▶ [Your assignment]: An exact retyping of all lines below is the answer; pictures do not belong in it.

#### Recorded information ####

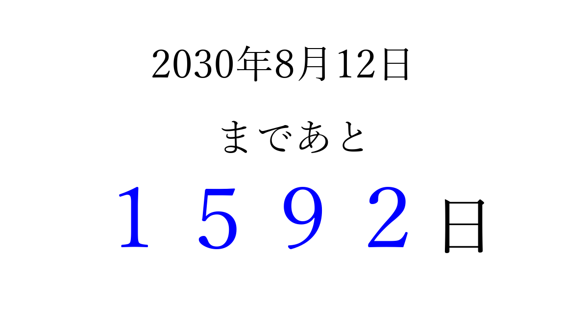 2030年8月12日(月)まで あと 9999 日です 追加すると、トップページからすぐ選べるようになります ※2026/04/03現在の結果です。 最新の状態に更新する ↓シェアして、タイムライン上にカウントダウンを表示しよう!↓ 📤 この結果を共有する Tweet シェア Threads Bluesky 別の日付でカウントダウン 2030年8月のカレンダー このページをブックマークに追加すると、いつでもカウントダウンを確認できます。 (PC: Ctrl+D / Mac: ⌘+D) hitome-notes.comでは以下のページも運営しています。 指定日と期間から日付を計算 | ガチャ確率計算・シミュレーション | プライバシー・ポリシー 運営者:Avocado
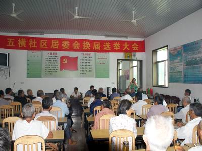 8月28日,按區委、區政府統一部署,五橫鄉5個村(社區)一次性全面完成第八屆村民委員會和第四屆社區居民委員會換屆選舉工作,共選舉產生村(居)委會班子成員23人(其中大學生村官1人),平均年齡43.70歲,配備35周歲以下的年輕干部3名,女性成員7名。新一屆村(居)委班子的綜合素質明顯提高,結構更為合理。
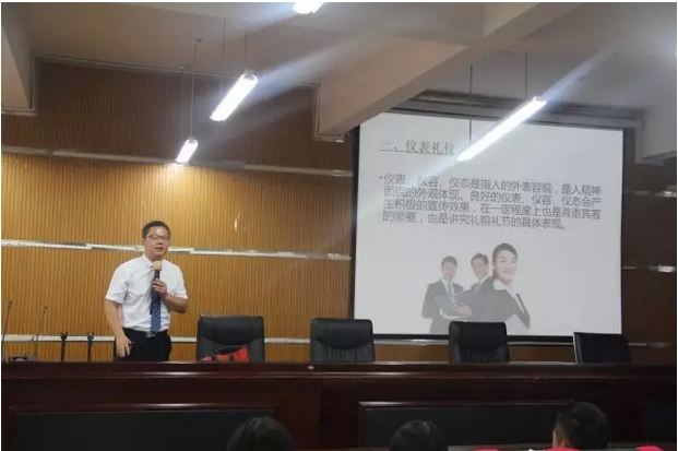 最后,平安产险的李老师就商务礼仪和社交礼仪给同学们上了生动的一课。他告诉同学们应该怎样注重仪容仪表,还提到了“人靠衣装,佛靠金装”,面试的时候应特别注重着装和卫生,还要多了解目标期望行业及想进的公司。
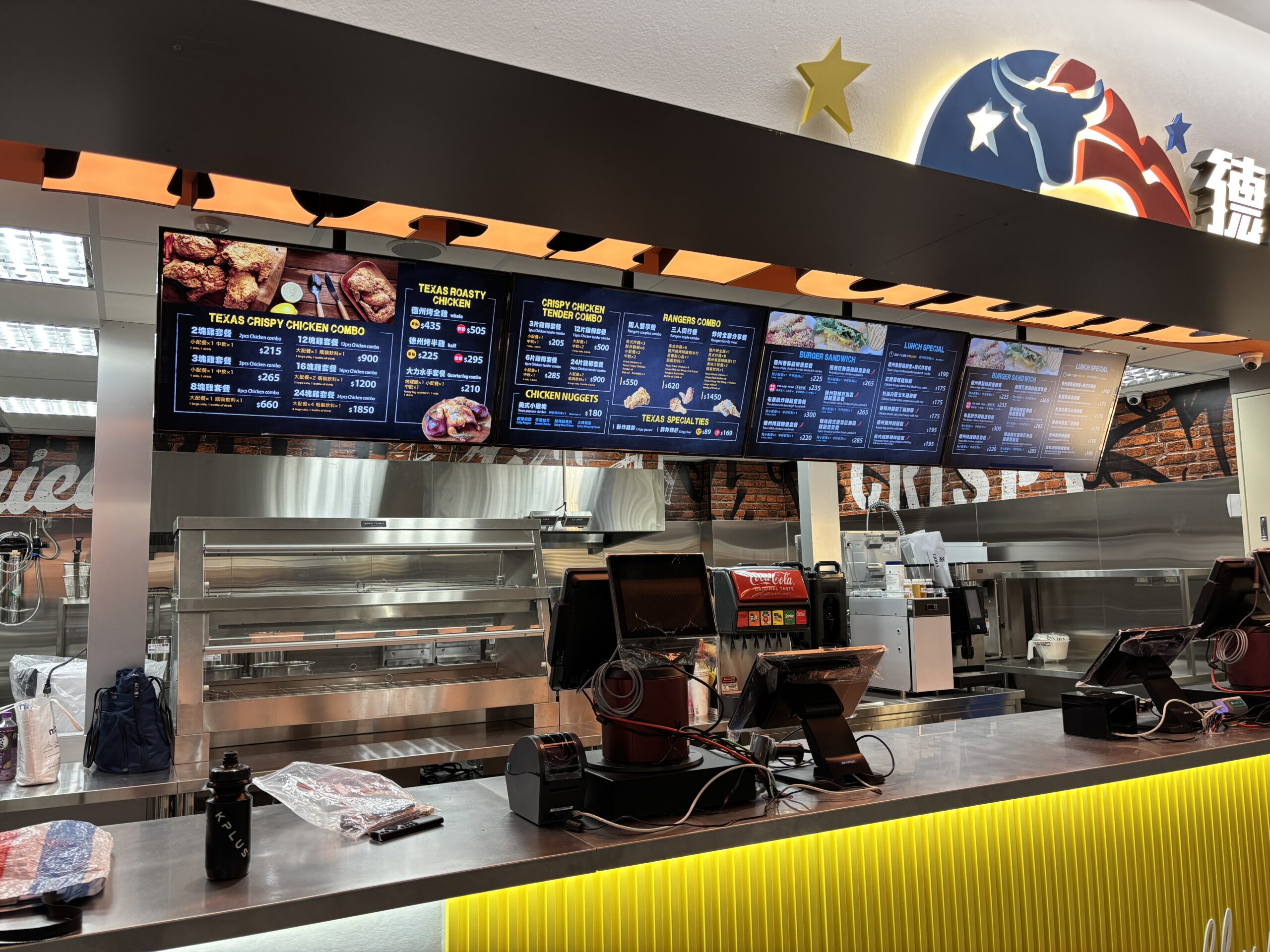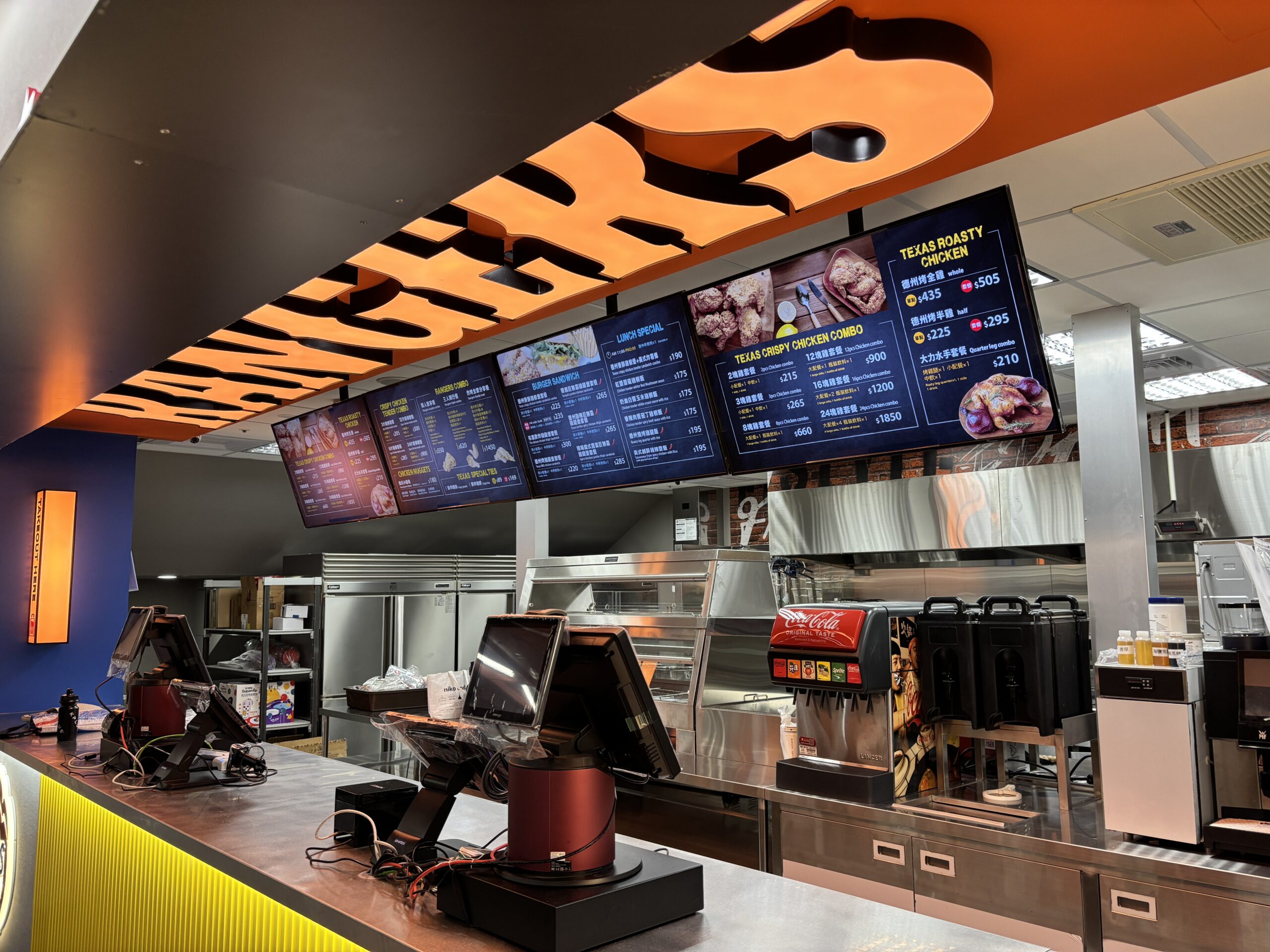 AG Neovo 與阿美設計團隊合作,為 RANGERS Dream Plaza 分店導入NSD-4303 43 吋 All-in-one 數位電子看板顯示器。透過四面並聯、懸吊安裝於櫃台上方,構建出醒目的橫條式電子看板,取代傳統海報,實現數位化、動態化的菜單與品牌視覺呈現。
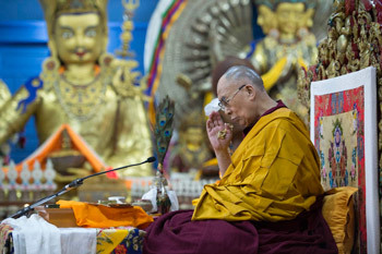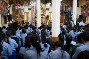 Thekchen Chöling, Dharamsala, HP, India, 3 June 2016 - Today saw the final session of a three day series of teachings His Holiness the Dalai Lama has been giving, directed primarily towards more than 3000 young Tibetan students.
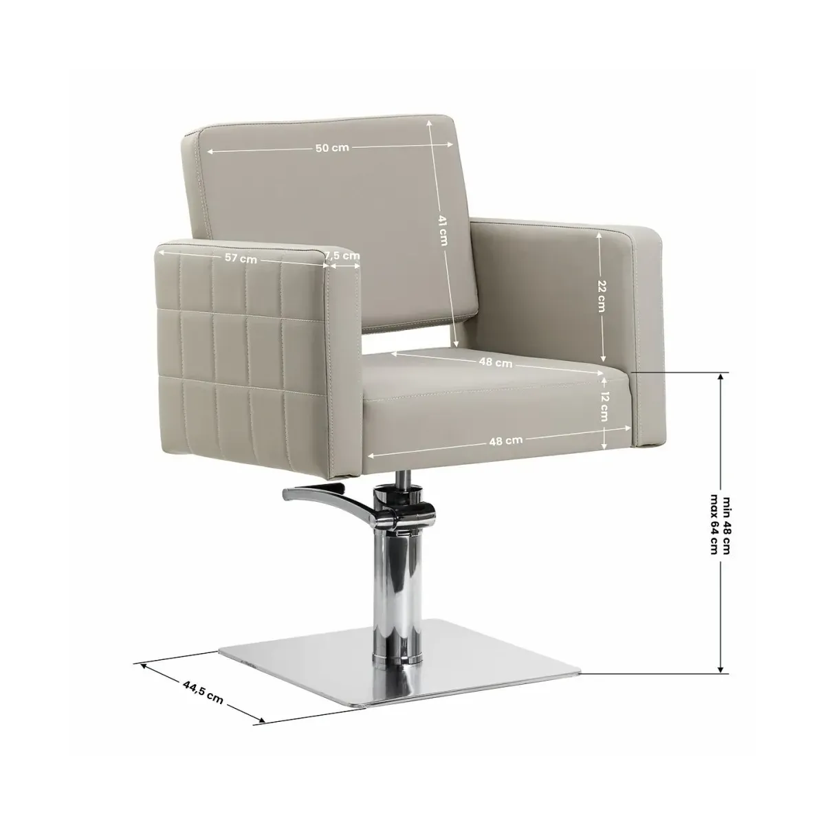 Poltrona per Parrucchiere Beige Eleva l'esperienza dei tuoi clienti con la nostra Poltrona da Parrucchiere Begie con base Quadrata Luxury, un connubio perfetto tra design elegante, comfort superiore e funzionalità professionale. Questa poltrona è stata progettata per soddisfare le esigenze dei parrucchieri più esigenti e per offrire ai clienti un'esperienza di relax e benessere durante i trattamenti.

####

▶ [Answer for this exercise]:
 2030年8月12日(月)まで あと 9999 日です 追加すると、トップページからすぐ選べるようになります ※2026/04/03現在の結果です。 最新の状態に更新する ↓シェアして、タイムライン上にカウントダウンを表示しよう!↓ 📤 この結果を共有する Tweet シェア Threads Bluesky 別の日付でカウントダウン 2030年8月のカレンダー このページをブックマークに追加すると、いつでもカウントダウンを確認できます。 (PC: Ctrl+D / Mac: ⌘+D) hitome-notes.comでは以下のページも運営しています。 指定日と期間から日付を計算 | ガチャ確率計算・シミュレーション | プライバシー・ポリシー 運営者:Avocado
 8月28日,按區委、區政府統一部署,五橫鄉5個村(社區)一次性全面完成第八屆村民委員會和第四屆社區居民委員會換屆選舉工作,共選舉產生村(居)委會班子成員23人(其中大學生村官1人),平均年齡43.70歲,配備35周歲以下的年輕干部3名,女性成員7名。新一屆村(居)委班子的綜合素質明顯提高,結構更為合理。
 最后,平安产险的李老师就商务礼仪和社交礼仪给同学们上了生动的一课。他告诉同学们应该怎样注重仪容仪表,还提到了“人靠衣装,佛靠金装”,面试的时候应特别注重着装和卫生,还要多了解目标期望行业及想进的公司。
 AG Neovo 與阿美設計團隊合作,為 RANGERS Dream Plaza 分店導入NSD-4303 43 吋 All-in-one 數位電子看板顯示器。透過四面並聯、懸吊安裝於櫃台上方,構建出醒目的橫條式電子看板,取代傳統海報,實現數位化、動態化的菜單與品牌視覺呈現。
 Thekchen Chöling, Dharamsala, HP, India, 3 June 2016 - Today saw the final session of a three day series of teachings His Holiness the Dalai Lama has been giving, directed primarily towards more than 3000 young Tibetan students.
 Poltrona per Parrucchiere Beige Eleva l'esperienza dei tuoi clienti con la nostra Poltrona da Parrucchiere Begie con base Quadrata Luxury, un connubio perfetto tra design elegante, comfort superiore e funzionalità professionale. Questa poltrona è stata progettata per soddisfare le esigenze dei parrucchieri più esigenti e per offrire ai clienti un'esperienza di relax e benessere durante i trattamenti.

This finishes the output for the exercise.